Example #2 — Here \(|\mathcal{M}|^2 \propto (s + 2t - m_a^2 - 2m_c^2)^2\). The argument is a linear combination of both invariants, so the zero of \(\mathcal{M}\) forms a straight line in the \((s,t)\) plane — a nodal line — and the density contours are parallel to it. Events pile up in the corners farthest from the node.
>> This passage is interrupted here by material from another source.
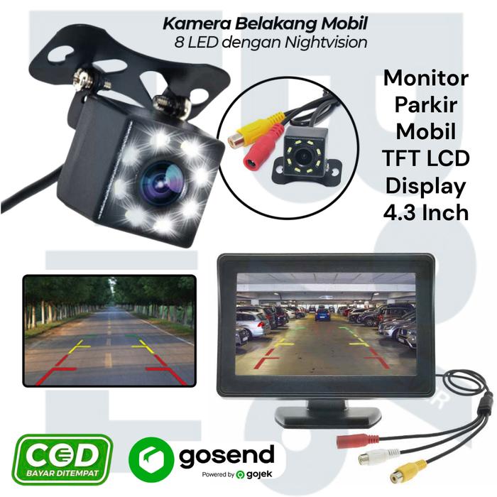 Paket Kamera Mundur Mobil Parkir Rear View LED + Monitor Waterproof Night Vision Siang Malam

Example #3 — Same gradient structure as Example #2, but with \(m_b = 135\,\text{MeV} \approx m_\pi\). The non-zero mass of the third particle shifts the threshold and shrinks the phase space region dramatically, leaving only a compact island in the lower-left of the \((s,t)\) plane. The lesson: phase space geometry encodes the masses, while density variations within the boundary encode \(|\mathcal{M}|^2\).
A Practical Reading Guide
When confronted with an unknown Dalitz plot, the following questions guide the analysis:
- Is the density uniform? If yes, \(|\mathcal{M}|^2 = \text{const}\) and the decay is governed by pure phase space.
- Are the contours parallel to one axis? Then \(|\mathcal{M}|^2\) depends only on the other invariant.
- Are there bands of high density crossing the plot? These are resonances: an intermediate state \(a \to R\, b \to c\, d\, b\) with propagator \(\sim 1/(s - m_R^2)\) produces a horizontal band at \(s = m_R^2\).
- Are there empty regions or nodes? These indicate zeros of the amplitude, often from angular momentum selection rules or destructive interference.
- What is the shape of the boundary? This directly constrains the final-state masses through the Källén function.